Food restriction during pregnancy in rabbits

The rabbit is an ideal model for studying nutritional-related disorders and fetal programming of metabolic disease.

This study examined the effects of food restriction during rabbit pregnancy on hormones and metabolites involved in energy homeostasis and metabolic programming.
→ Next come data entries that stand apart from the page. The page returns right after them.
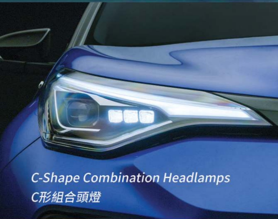
C-Shape Combination Headlamps C形組合頭燈
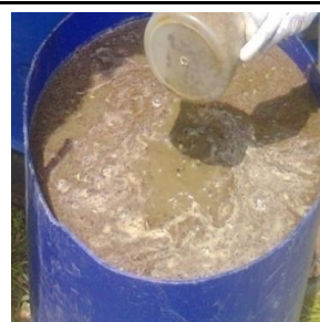
Fig 4. Pig waste

The digester was stirred occasionally by all round mixing and shaking together of the plastic digester. A thermometer was used to measure the temperature. The temperature of the slurry was observed daily at 30 minute interval for 8 days from 8.00hrs to 17.30hrs through the thermometer that was inserted into the digester. The ambient temperature was also measured with another thermometer. The biogas generated was analyzed using a GC HP 68900 with HP ChemStation Rev A 09 01 [1206] Software to determine the constituents and percentage composition of each gas contained in biogas generated.
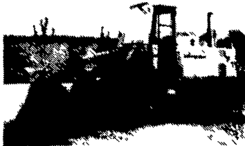
1983 Dresser/Int. 515B 4WD Art. Wheel Loader w/Full Cab, GP Bucket 3rd Valve, Runs & Operates Like New $22,500

717-664-2444 717-665-2354 FAX 717-664-2835 NEW & USED Farm & Construction Equip.

Pregnant does were assigned to four groups: the control group was fed a standard ration while the others received a restricted amount of food (30% restriction) during early (0–9 days), mid (9–18 days) and late (19–28 days) pregnancy. The pregnancy induced a coordinated range of adaptations to fulfil energy requirements of both mother and fetus, such as hyperleptinaemia and hyperinsulinaemia, reduced insulin sensitivity, increased cortisol and non-esterified fatty acid. Food restriction altered leptin, insulin, T3, non-esterified fatty acids and glucose concentrations depending on the gestational phase in which it was applied.

Collectively, present data confirm that the endocrinology of pregnancy and the adaptive responses to energy deficit make the rabbit an ideal model for studying nutritional-related disorders and fetal programming of metabolic disease.

Source:  L. Menchetti et al., 2014. Food restriction during pregnancy in rabbits: Effects on hormones and metabolites involved in energy homeostasis and metabolic programming. Res Vet Sci online, December 2014. doi:10.1016/j.rvsc.2014.11.017.